» PROBLEM DESCRIPTION:
Set down again exactly the lines of the listing below that fall between the line holding "Traje de baño" and the line holding "Encontrei este RSF", inclusive.

» EXCERPTED RECORDS:
────
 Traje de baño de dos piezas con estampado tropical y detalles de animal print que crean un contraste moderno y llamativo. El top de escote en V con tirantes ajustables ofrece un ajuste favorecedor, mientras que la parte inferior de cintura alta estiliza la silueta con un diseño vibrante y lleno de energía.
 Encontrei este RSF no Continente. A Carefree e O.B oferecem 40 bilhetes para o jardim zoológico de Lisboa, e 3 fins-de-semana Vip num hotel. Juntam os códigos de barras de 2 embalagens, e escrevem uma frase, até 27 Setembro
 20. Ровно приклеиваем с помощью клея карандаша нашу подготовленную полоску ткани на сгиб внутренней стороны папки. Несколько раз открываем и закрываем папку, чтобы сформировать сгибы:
────
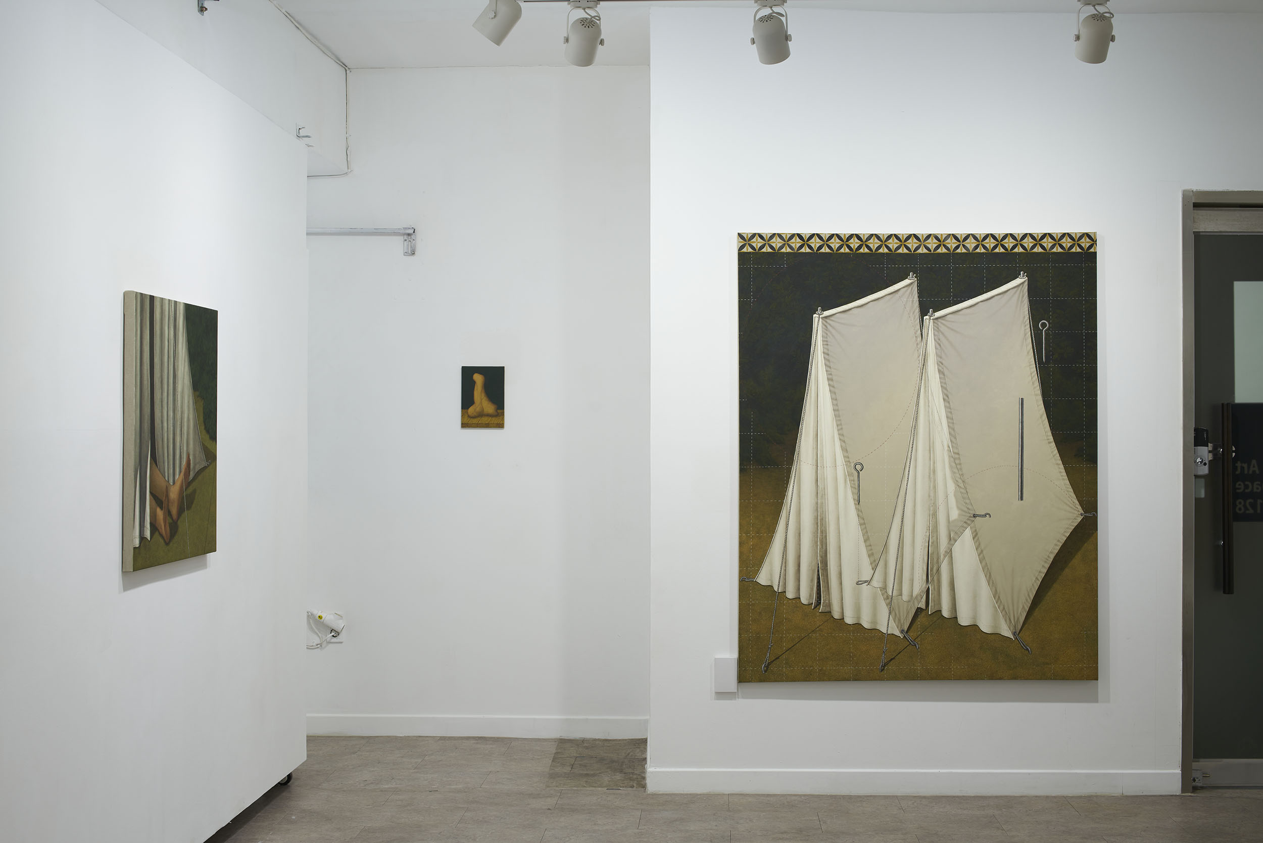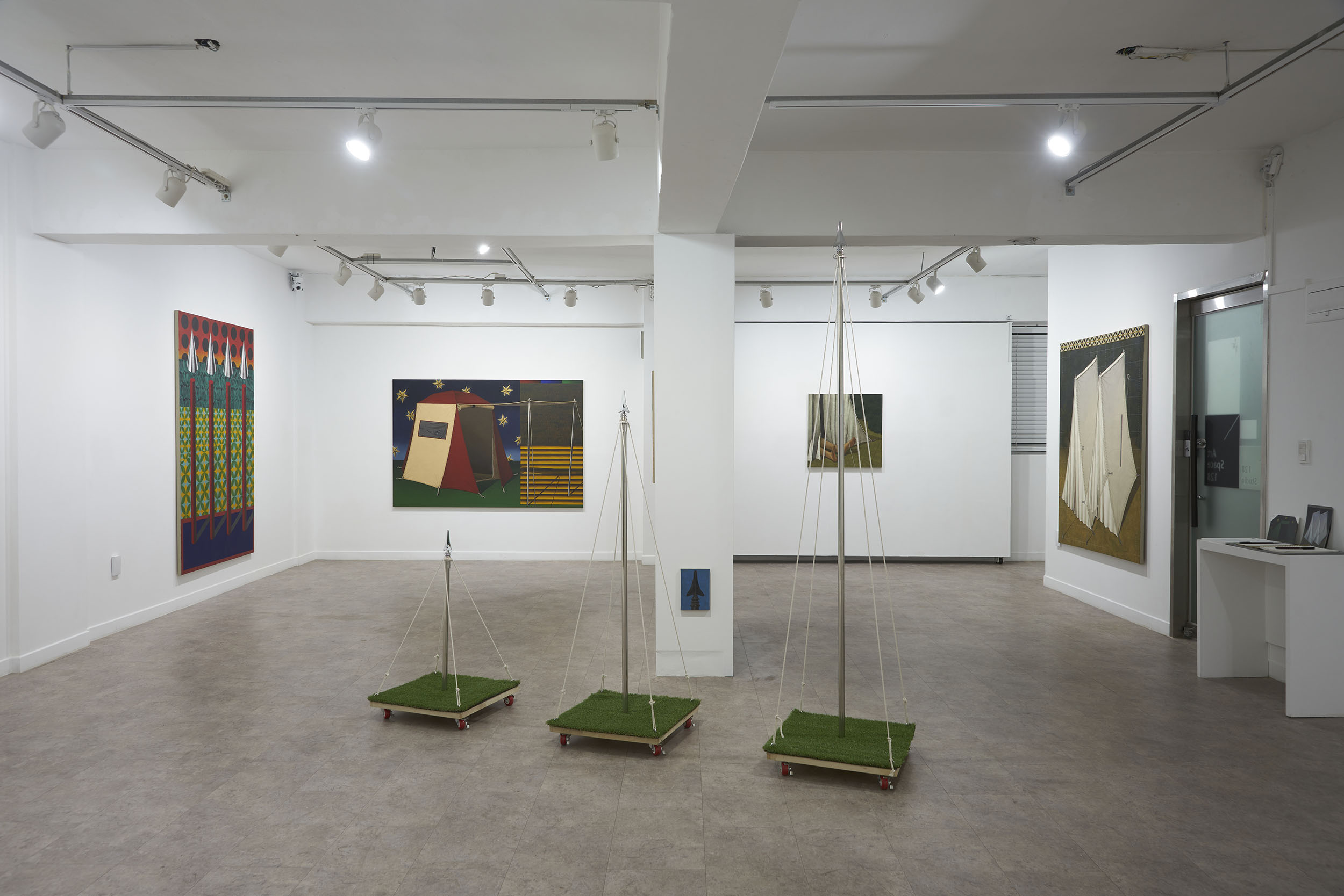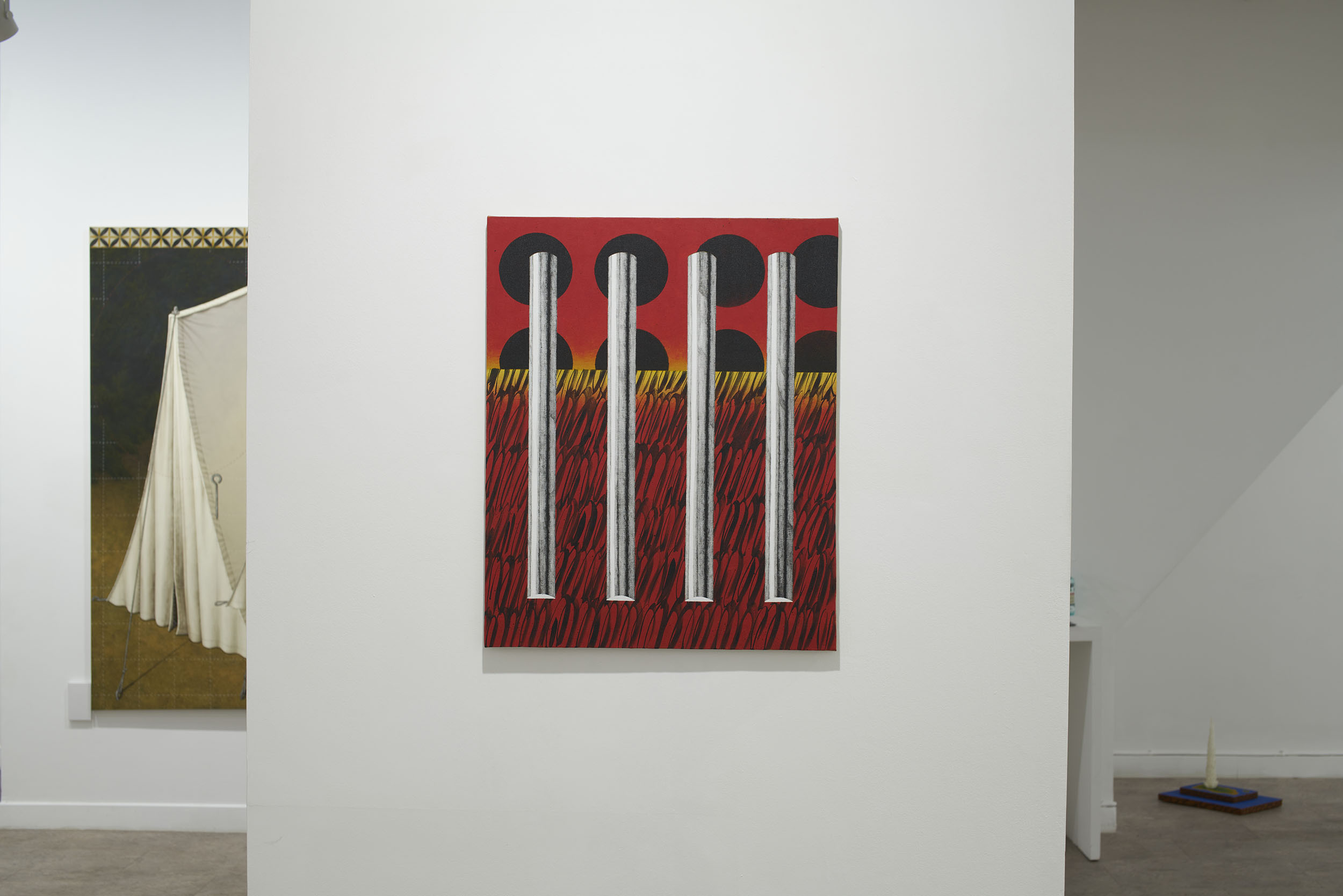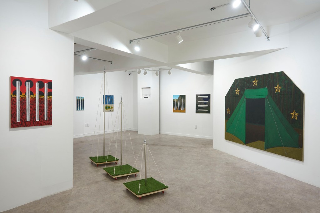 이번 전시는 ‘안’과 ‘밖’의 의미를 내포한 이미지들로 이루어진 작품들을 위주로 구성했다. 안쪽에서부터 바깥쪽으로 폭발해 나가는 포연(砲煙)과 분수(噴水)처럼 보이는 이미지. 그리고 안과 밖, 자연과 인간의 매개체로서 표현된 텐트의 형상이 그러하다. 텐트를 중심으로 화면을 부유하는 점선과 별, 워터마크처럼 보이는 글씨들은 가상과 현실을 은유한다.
────
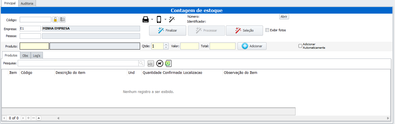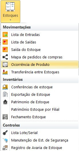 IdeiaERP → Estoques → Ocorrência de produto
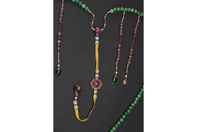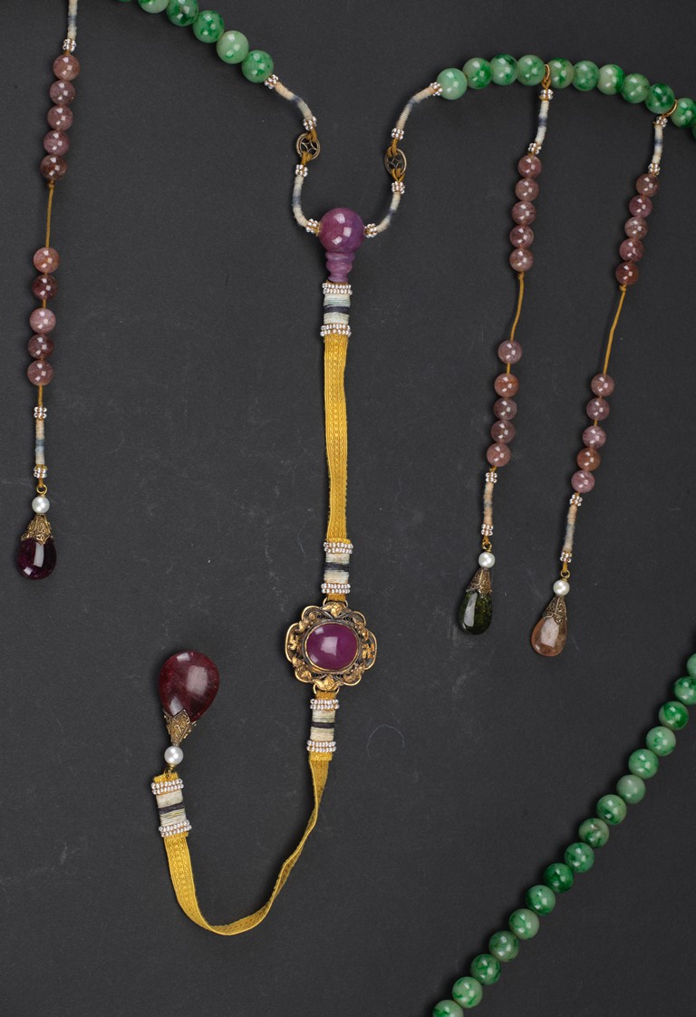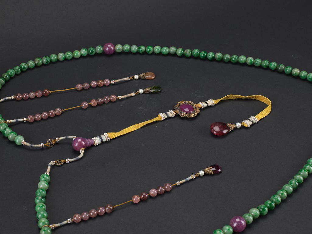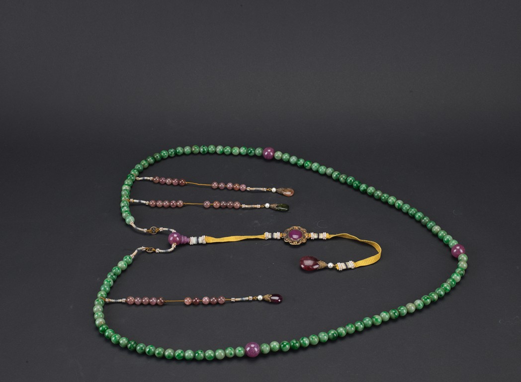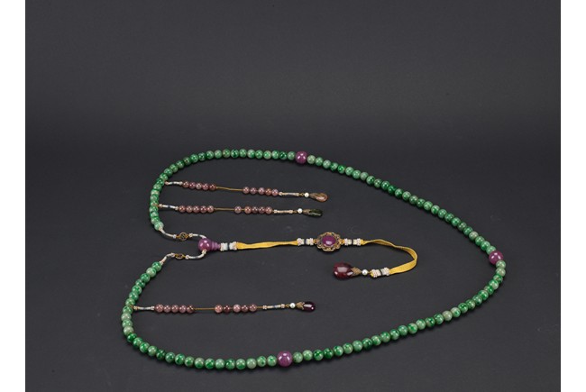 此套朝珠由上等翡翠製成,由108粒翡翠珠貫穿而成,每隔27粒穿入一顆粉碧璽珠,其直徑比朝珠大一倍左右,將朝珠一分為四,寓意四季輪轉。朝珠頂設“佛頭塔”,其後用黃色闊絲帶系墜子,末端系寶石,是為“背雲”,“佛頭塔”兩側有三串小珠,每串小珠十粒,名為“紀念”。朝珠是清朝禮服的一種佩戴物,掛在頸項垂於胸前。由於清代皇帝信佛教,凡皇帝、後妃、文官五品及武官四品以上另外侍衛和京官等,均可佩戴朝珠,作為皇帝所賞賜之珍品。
────
» ANSWER AREA:
 Traje de baño de dos piezas con estampado tropical y detalles de animal print que crean un contraste moderno y llamativo. El top de escote en V con tirantes ajustables ofrece un ajuste favorecedor, mientras que la parte inferior de cintura alta estiliza la silueta con un diseño vibrante y lleno de energía.
 Encontrei este RSF no Continente. A Carefree e O.B oferecem 40 bilhetes para o jardim zoológico de Lisboa, e 3 fins-de-semana Vip num hotel. Juntam os códigos de barras de 2 embalagens, e escrevem uma frase, até 27 Setembro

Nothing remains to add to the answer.